Back to Chatgpt On Wechat

OpenAI

docs/en/models/openai.mdx

2.0.93.1 KB
Original Source

OpenAI offers the most complete coverage and can simultaneously serve text chat, vision understanding, image generation, speech-to-text (ASR), text-to-speech (TTS), and embedding. A single open_ai_api_key lets the Agent use all of these capabilities.
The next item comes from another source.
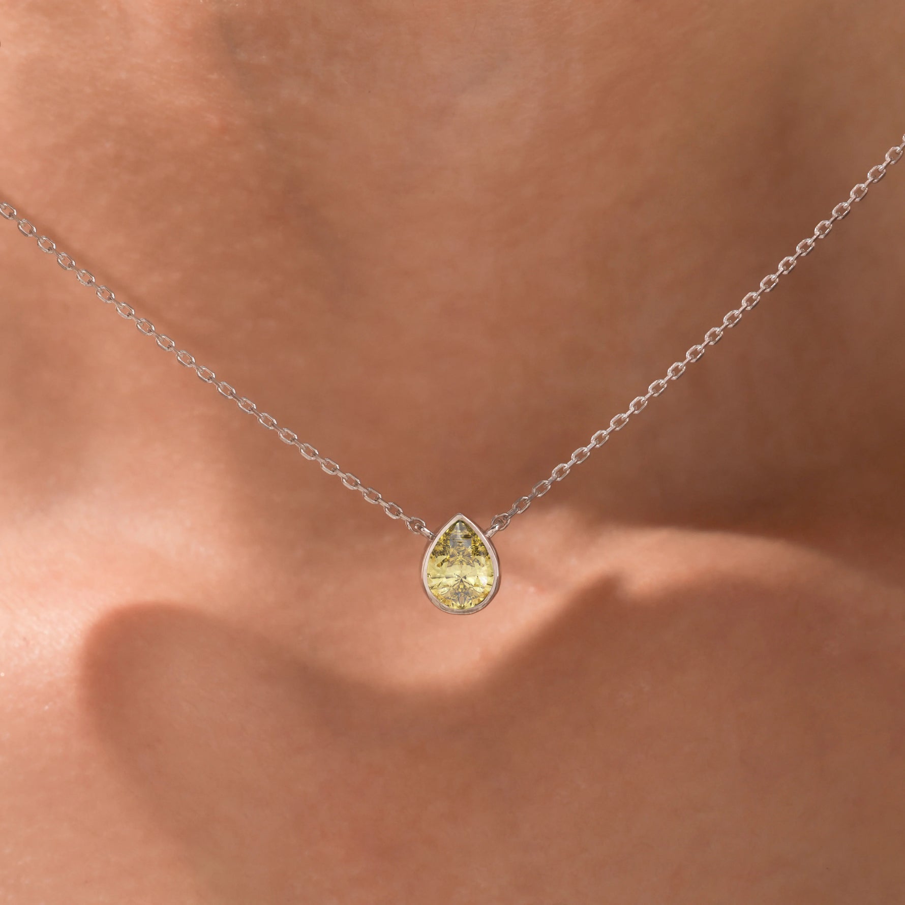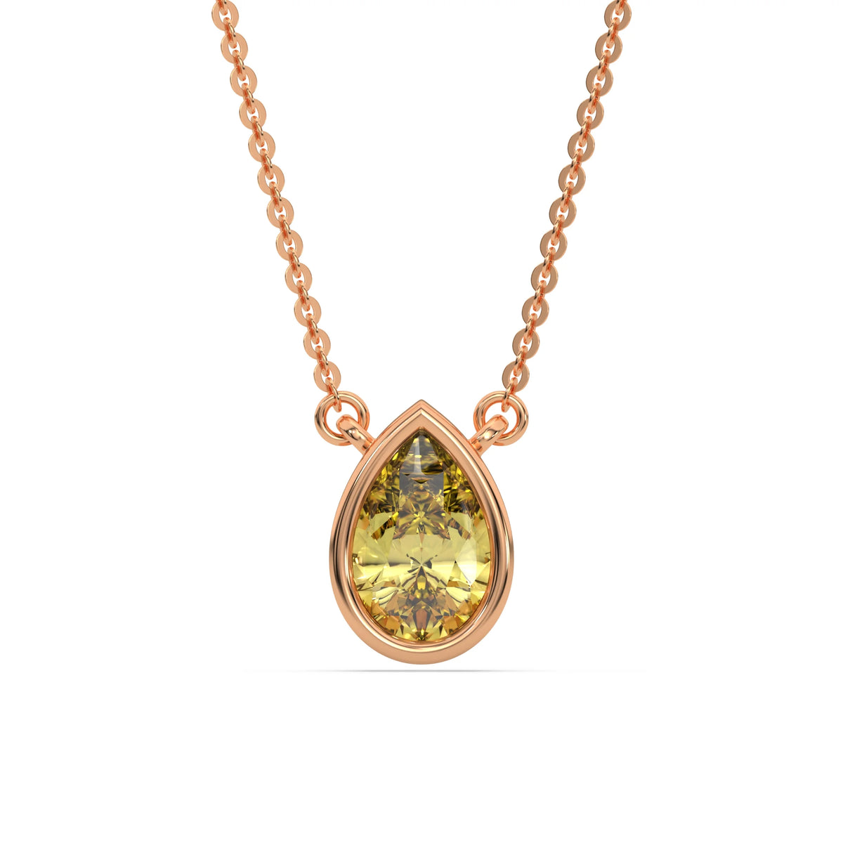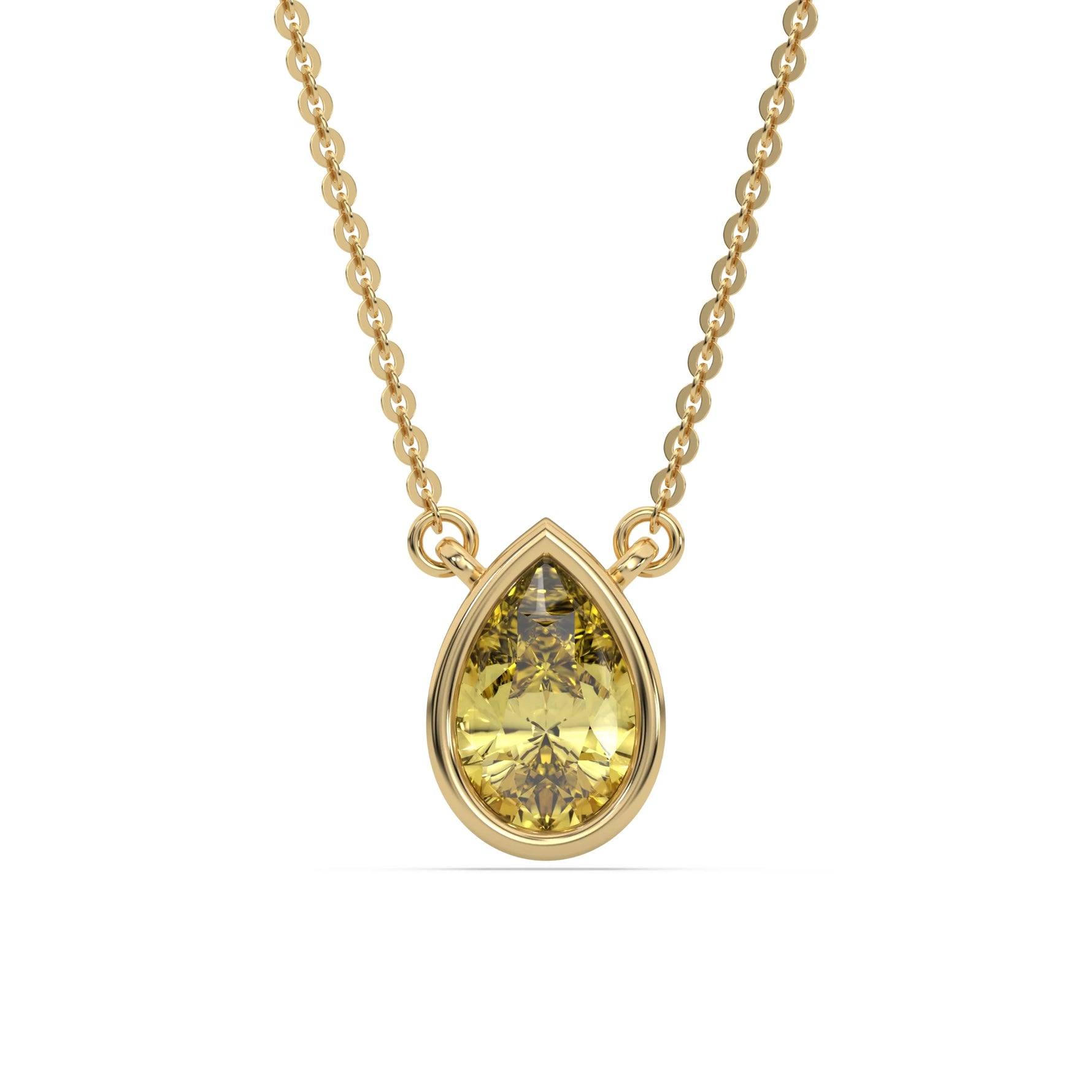 Fancy Yellow Pear Solitaire Diamond Necklace made with a fancy yellow pear cut diamond in bezel setting with adjustable chain.

<Tip> All capabilities below can be configured in one place via the "Model Management" page in the Web Console, with no need to manually edit the configuration file. </Tip>

Text Chat

json
{
  "model": "gpt-5.5",
  "open_ai_api_key": "YOUR_API_KEY",
  "open_ai_api_base": "https://api.openai.com/v1"
}
ParameterDescription
modelSame as OpenAI's model parameter; supports gpt-5.5, gpt-5.4, gpt-5.4-mini, gpt-5.4-nano, the gpt-5 series, gpt-4.1, the o-series, etc. Agent mode defaults to gpt-5.5; use gpt-5.4 for better cost-efficiency
open_ai_api_keyCreate one on the OpenAI Platform
open_ai_api_baseOptional; change it to access a third-party proxy
bot_typeNot required when using OpenAI's official models; set to openai when accessing other vendors via the compatible protocol

Image Understanding

OpenAI models like gpt-5.5, gpt-5.4, gpt-4o, and gpt-4.1 natively support vision. Once open_ai_api_key is configured, the Agent's Vision tool automatically uses the main model to recognize images. If the main model does not support vision or you want to specify it explicitly, set it in the configuration file:

json
{
  "tools": {
    "vision": {
      "model": "gpt-5.4-mini"
    }
  }
}

Supported Vision models: gpt-5.5, gpt-5.4, gpt-5.4-mini, gpt-5.4-nano, gpt-5, gpt-4.1, gpt-4.1-mini, gpt-4o.

Image Generation

Specify the image generation model in the configuration file; the Agent automatically routes image generation skill calls to OpenAI:

json
{
  "skills": {
    "image-generation": {
      "model": "gpt-image-2"
    }
  }
}

Supported image generation models: gpt-image-2, gpt-image-1.

Speech-to-Text (ASR)

json
{
  "voice_to_text": "openai",
  "voice_to_text_model": "gpt-4o-mini-transcribe"
}
ParameterDescription
voice_to_textSet to openai to enable OpenAI speech-to-text
voice_to_text_modelOptional, defaults to gpt-4o-mini-transcribe; can also be gpt-4o-transcribe, whisper-1

Credentials are automatically reused from open_ai_api_key.

Text-to-Speech (TTS)

json
{
  "text_to_voice": "openai",
  "text_to_voice_model": "tts-1",
  "tts_voice_id": "alloy"
}
ParameterDescription
text_to_voice_modeltts-1, tts-1-hd, gpt-4o-mini-tts
tts_voice_idVoices: alloy, echo, fable, onyx, nova, shimmer, ash, ballad, coral, sage, verse

Embedding

json
{
  "embedding_provider": "openai",
  "embedding_model": "text-embedding-3-small"
}

Available models: text-embedding-3-small, text-embedding-3-large, text-embedding-ada-002. After changing the embedding, run /memory rebuild-index to rebuild the index.